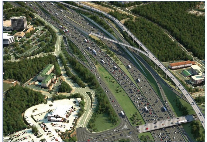
Representación artística de la vista aérea del sistema de carriles con acceso controlado en Windy Hill Road

Para dar a conocer los cambios en el esquema de financiamiento, responder preguntas y escuchar ideas y opiniones, el equipo del proyecto se pondrá en contacto con la comunidad a través de quioscos informativos ambulantes en centros comerciales, templos religiosos y reuniones de comisión del condado durante el verano. Contaremos con folletos,
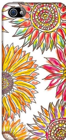
パッションサンフラワー

ホワイト×ブラックのドットの背景にとびっきりオシャレをした茶トラの猫がかわいらしい。サングラスと蝶ネクタイを付けてすっかりその気になっている猫のキュートでオシャレなケース。
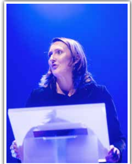
Open Vld-voorzitster Gwendolyn Rutten.

Het zijn maar enkele voorbeelden waaruit blijkt dat de Vlaamse liberalen voor een sociale inslag gekozen hebben in hun toekomstverklaring. Open Vld is er in geslaagd om vanuit de eigen kracht een aantal liberale principes op scherp te stellen. Dat is nodig voor de komende campagne waarin de kiezer het verschil met andere partijen moet kunnen maken. Het begrip liberalisme is opnieuw omschreven als een levensvisie waarbij het individu centraal staat met zijn individuele rechten, zijn welzijn, zijn vrijheid. Niet de natie, niet het volk, niet de groep zijn belangrijk, maar wel de mens in zijn volle “mens zijn” zelf. Open Vld heeft op enkele uitzonderingen na (de wat naïeve participatiesamenleving, de afschaffing van de provincies, de samensmelting van gemeenten en OCMW's, de Kamer-
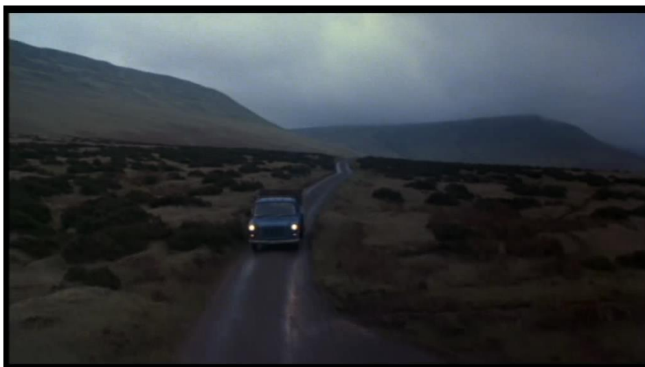
La profondeur de champ nous permet de voir approcher une camionnette.
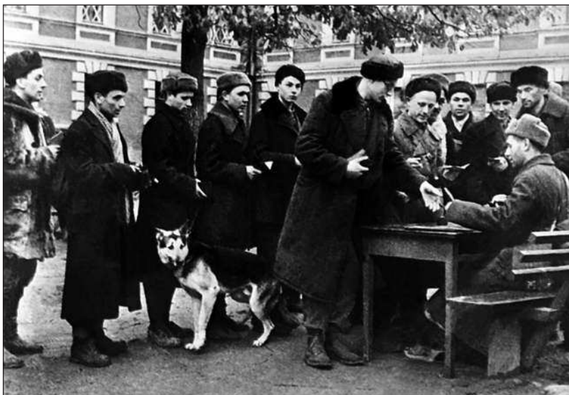
Жители Москвы в очереди на формирование рабочего батальона Первомайского района

Отсутствие у рекогносцировщиков надлежащего опыта приводило к их стремлению разместить оборонительные сооружения слишком близко к переднему краю — в 50, а в некоторых случаях даже в 30 метрах, и располагать их слишком близко друг от друга — иногда даже в 100 метрах. Ими делался упор на возведение сооружений фронтального огня, в то время как советская фортификационная наука уже давно доказала эффективность использования флангового и косоприцельного огня, для чего следовало строить капоныры и полукапоныры.
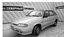
VAZ-21140 2005 г. родной ПТС, ЭСП, ЦЗ, антикор, музыка, колонки, ковры салона. Цена: 110 т.р.
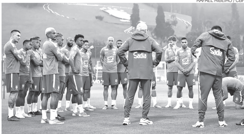
Jogadores de seleção ouvindo instruções de Carlo Ancelotti durante treino

A predominância do Sudeste acompanha a concentração histórica de investimentos, centros de formação e grandes clubes de futebol na região, responsável por revelar boa parte dos atletas que atuam atualmente nas principais ligas do mundo.
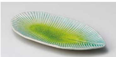
イ125-267 菜花葉形楕円皿 小 21.4×10.6×2.5cm(80入・磁) 900円
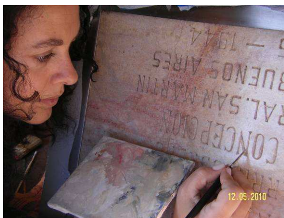
Figura 9. Integración cromática de color original.
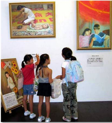
日本小学生观看法轮功学员作品

【明慧网】二零零七年九月二十一日至二十六日，日本第十一届“真善忍美展”在仙台举行，前来参观的民众络绎不绝，许多人在了解了法轮功在中国大陆遭受残酷迫害的真相后感到震惊，一位老奶奶看到真实再现法轮功学员遭受酷刑的画作时赞叹：只有真正有崇高信仰的人才能有这样大义凛然、不屈不挠的精神。

+ + + + +

> [What you have to do]
Restate the full listing word for word, excluding images.

> [Result below]
Representación artística de la vista aérea del sistema de carriles con acceso controlado en Windy Hill Road

Para dar a conocer los cambios en el esquema de financiamiento, responder preguntas y escuchar ideas y opiniones, el equipo del proyecto se pondrá en contacto con la comunidad a través de quioscos informativos ambulantes en centros comerciales, templos religiosos y reuniones de comisión del condado durante el verano. Contaremos con folletos,
パッションサンフラワー

ホワイト×ブラックのドットの背景にとびっきりオシャレをした茶トラの猫がかわいらしい。サングラスと蝶ネクタイを付けてすっかりその気になっている猫のキュートでオシャレなケース。
Open Vld-voorzitster Gwendolyn Rutten.

Het zijn maar enkele voorbeelden waaruit blijkt dat de Vlaamse liberalen voor een sociale inslag gekozen hebben in hun toekomstverklaring. Open Vld is er in geslaagd om vanuit de eigen kracht een aantal liberale principes op scherp te stellen. Dat is nodig voor de komende campagne waarin de kiezer het verschil met andere partijen moet kunnen maken. Het begrip liberalisme is opnieuw omschreven als een levensvisie waarbij het individu centraal staat met zijn individuele rechten, zijn welzijn, zijn vrijheid. Niet de natie, niet het volk, niet de groep zijn belangrijk, maar wel de mens in zijn volle “mens zijn” zelf. Open Vld heeft op enkele uitzonderingen na (de wat naïeve participatiesamenleving, de afschaffing van de provincies, de samensmelting van gemeenten en OCMW's, de Kamer-
La profondeur de champ nous permet de voir approcher une camionnette.
Жители Москвы в очереди на формирование рабочего батальона Первомайского района

Отсутствие у рекогносцировщиков надлежащего опыта приводило к их стремлению разместить оборонительные сооружения слишком близко к переднему краю — в 50, а в некоторых случаях даже в 30 метрах, и располагать их слишком близко друг от друга — иногда даже в 100 метрах. Ими делался упор на возведение сооружений фронтального огня, в то время как советская фортификационная наука уже давно доказала эффективность использования флангового и косоприцельного огня, для чего следовало строить капоныры и полукапоныры.
VAZ-21140 2005 г. родной ПТС, ЭСП, ЦЗ, антикор, музыка, колонки, ковры салона. Цена: 110 т.р.
Jogadores de seleção ouvindo instruções de Carlo Ancelotti durante treino

A predominância do Sudeste acompanha a concentração histórica de investimentos, centros de formação e grandes clubes de futebol na região, responsável por revelar boa parte dos atletas que atuam atualmente nas principais ligas do mundo.
イ125-267 菜花葉形楕円皿 小 21.4×10.6×2.5cm(80入・磁) 900円
Figura 9. Integración cromática de color original.
日本小学生观看法轮功学员作品

【明慧网】二零零七年九月二十一日至二十六日，日本第十一届“真善忍美展”在仙台举行，前来参观的民众络绎不绝，许多人在了解了法轮功在中国大陆遭受残酷迫害的真相后感到震惊，一位老奶奶看到真实再现法轮功学员遭受酷刑的画作时赞叹：只有真正有崇高信仰的人才能有这样大义凛然、不屈不挠的精神。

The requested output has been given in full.